One has to hope that Mr. Jack Crawford of Silver Spring, Md., is pulling some sort of prank on the Washington Post -- as Rush Limbaugh would say demonstrating absurdity by being absurd -- because if he's serious, his 42-word March 9 letter-to-the-editor is the most overwrought missive I've ever read in a serious major newspaper.
Published along with two other letters about the Post's "Hyping the sequester's drama," in the Saturday paper's "Free for All" mail bag feature, Crawford expressed his "hope" that the Post "will publish the pictures of all the people who lose their jobs due to the sequester" much like the paper "did with the soldiers who died in Iraq." "Martyrs should be held up for public approval of their honor," he concluded. [see screen capture below]

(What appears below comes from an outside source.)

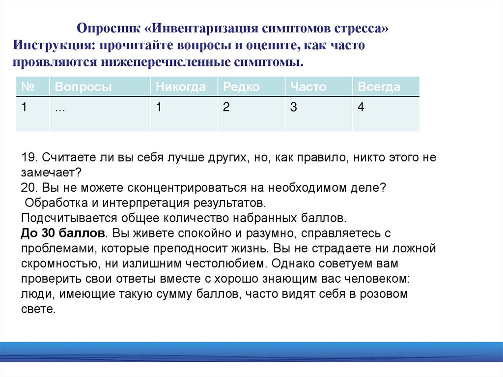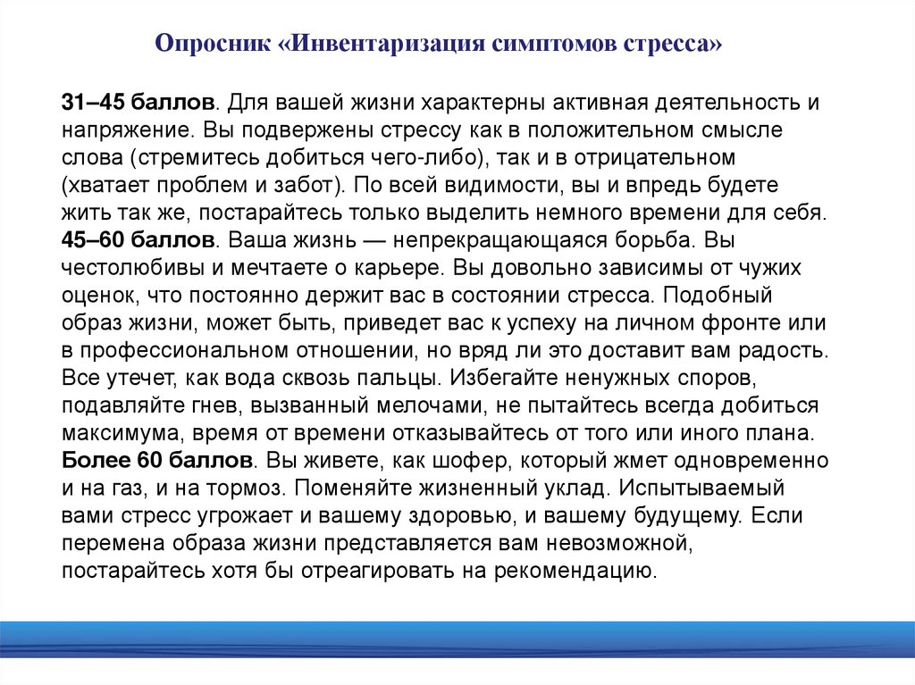 Опросник «Инвентаризация симптомов стресса»31–45 баллов. Для вашей жизни характерны активная деятельность и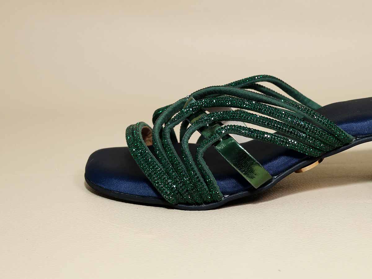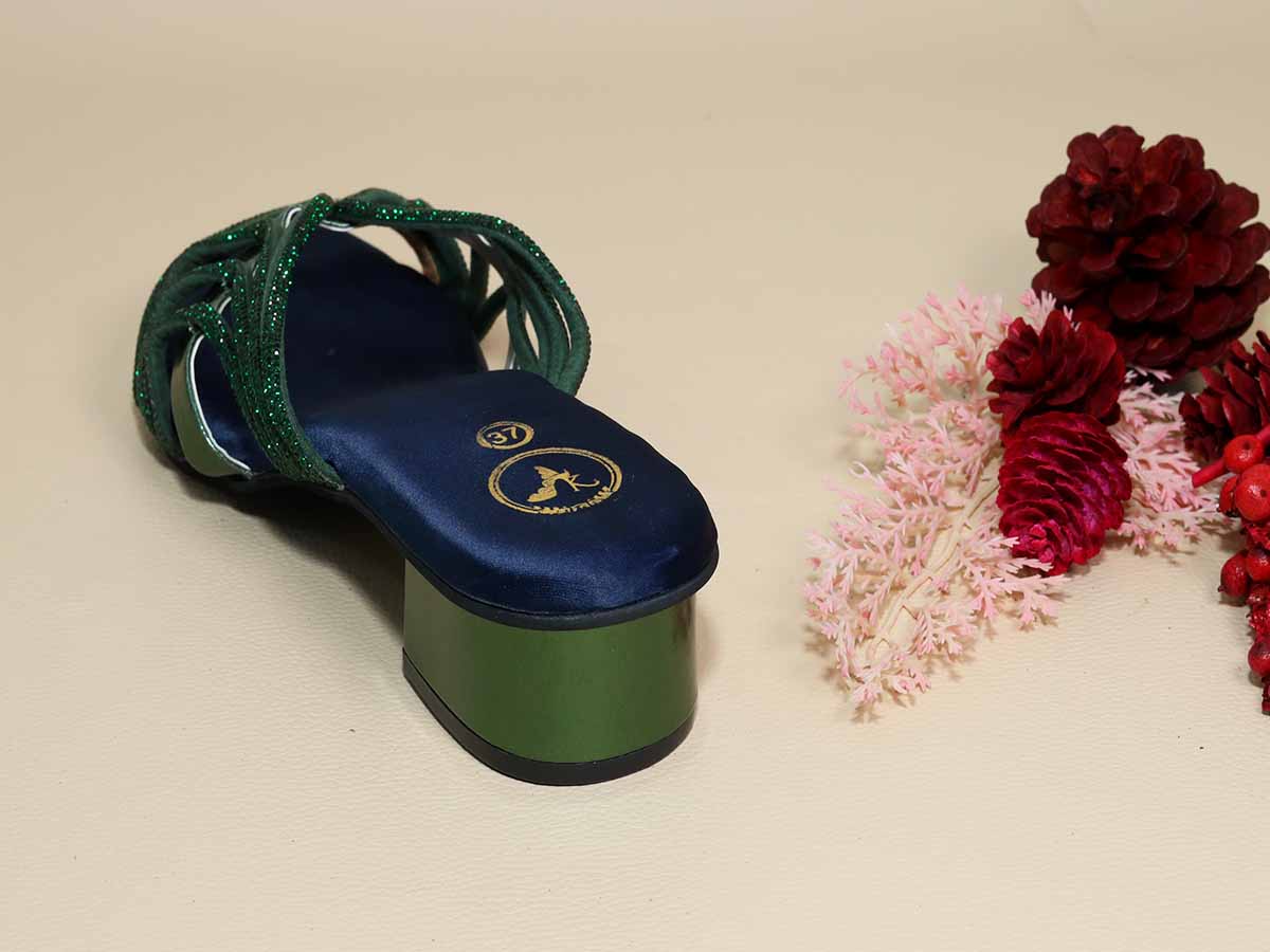 The Gema Green Cut Heel showcases elegant green glittered cut-strap detailing set against a rich blue footbed for a striking contrast. Designed to add a festive sparkle, this stylish heel combines comfort with a glamorous, eye-catching look.

For what it's worth, Post editors included two other letters, one by a Mr. Richard Williams of Woodbridge, Va., who claimed to be a federal employee who "can see why the rest of America thinks it's about time [the Washington, D.C. area] got a dose of reality" by experiencing some of the belt-tightening most Americans in the private sector have had to impose on themselves in the past few years.
The other epistle was penned by a Rebecca Samawicz of Vienna, Va., who complained that the Post lacked a "special section" full of "tables of facts and figures, and reaction from the whole of the country" regarding the sequester. It's hard to tell exactly, however, Ms. Samawicz is opposed or in favor of the sequester, although in context her letter seems to indicate she believes the Post's hype about the sequester was much ado about nothing.
P.S.: My colleague Tim Graham points out a letter to Time magazine from July 2002 regarding President Bush's call for the establishment of a new Department of Homeland Security. The writer, one Jack Crawford of Silver Spring submitted what is obviously a tongue-in-cheek missive:
Mucking about with federal agencies will do nothing to ensure our liberty. Just bring back the Department of War, and turn it loose. The best defense is a solid offense. JACK CRAWFORD Silver Spring, Md.